Record set:

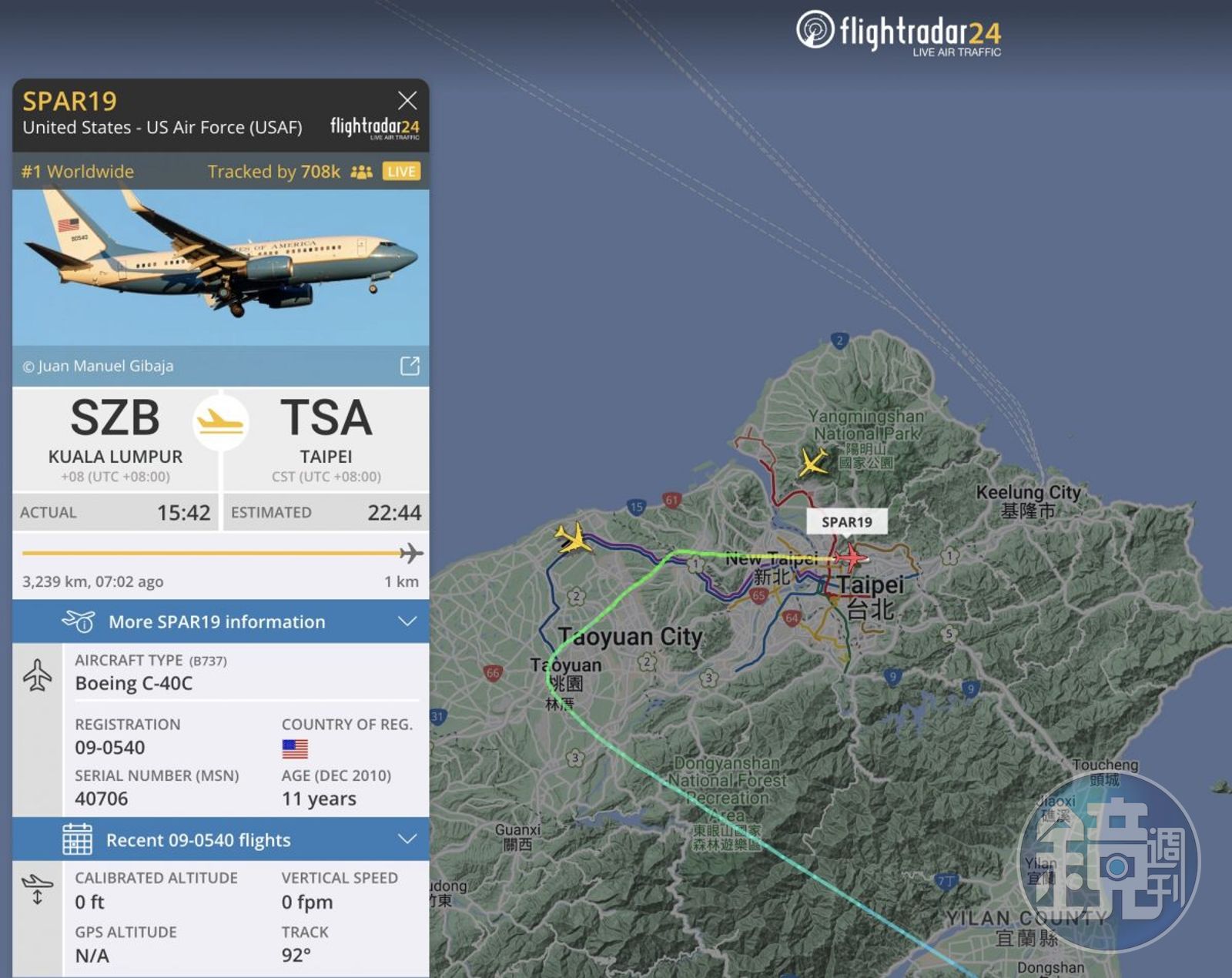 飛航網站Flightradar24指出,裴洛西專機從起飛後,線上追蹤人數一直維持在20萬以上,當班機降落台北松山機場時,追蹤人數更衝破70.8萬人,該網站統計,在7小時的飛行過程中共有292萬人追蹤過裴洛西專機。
...
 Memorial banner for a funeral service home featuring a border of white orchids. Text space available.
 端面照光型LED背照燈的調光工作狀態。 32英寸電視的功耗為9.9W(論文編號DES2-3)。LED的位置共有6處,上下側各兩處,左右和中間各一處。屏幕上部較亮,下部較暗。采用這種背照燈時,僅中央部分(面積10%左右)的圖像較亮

Task details: Using the entries above, output exactly the lines between the line holding "Memorial banner for" and the line holding "端面照光型LED背照燈的調光", end lines included, and nothing more.

Task output:
 Memorial banner for a funeral service home featuring a border of white orchids. Text space available.
 端面照光型LED背照燈的調光工作狀態。 32英寸電視的功耗為9.9W(論文編號DES2-3)。LED的位置共有6處,上下側各兩處,左右和中間各一處。屏幕上部較亮,下部較暗。采用這種背照燈時,僅中央部分(面積10%左右)的圖像較亮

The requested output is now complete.